I have a large database of hundreds of thousands of users interacting with thousands of products for given amount of time, with more time indicating more interest. My company wants to understand if there are particular subgroups of similar consumers. In order to discover if that’s the case, I’ve built a 2-stage ML approach:
– using a tfrs model based on the basic retrieval tutorial (https://www.tensorflow.org/recommenders/examples/basic_retrieval), I’ve trained embeddings to represent my users and products.
– using k-means clustering on the user embeddings, I classify a particular user as a member of a particular cluster.
With this approach, I run into 2 challenges:
– the basic retrieval does not take into account the implicit feedback of the amount of time.
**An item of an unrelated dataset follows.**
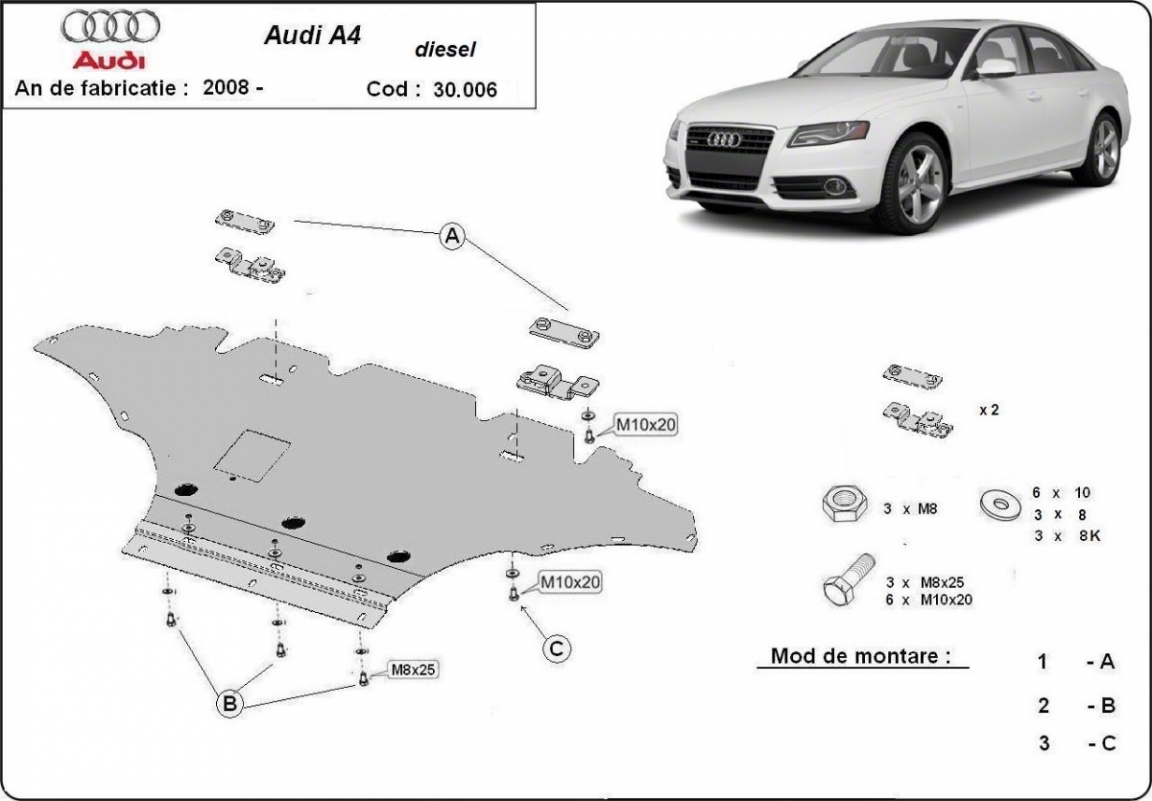 Protection sous moteur et de la radiateur Audi A4 B8 All Road diesel (2008-2014)

This seems like a recurring theme in this space – to weigh the user-item interactions by some measure of implicit feedback. I can’t seem to find any TF implementations though – any tips?
– my trained user embedding layer does not seem suitable for k-means clustering in a sense, since its measure of inter vs intra cluster distance does not meaningfully reduce over training iterations, and (more importantly) decreases linearly(!) with a higher value for k, making it impossible to use the elbow method to determine an objectively good trade-off between k and explained variance.
what would you advice to tackle both of these issues? Thanks for thinking along!
I know some of these questions are more ‘applied machine learning’ than ‘tensorflow’ per se, but I didn’t know where else to take this question, so apologies if this in the wrong category.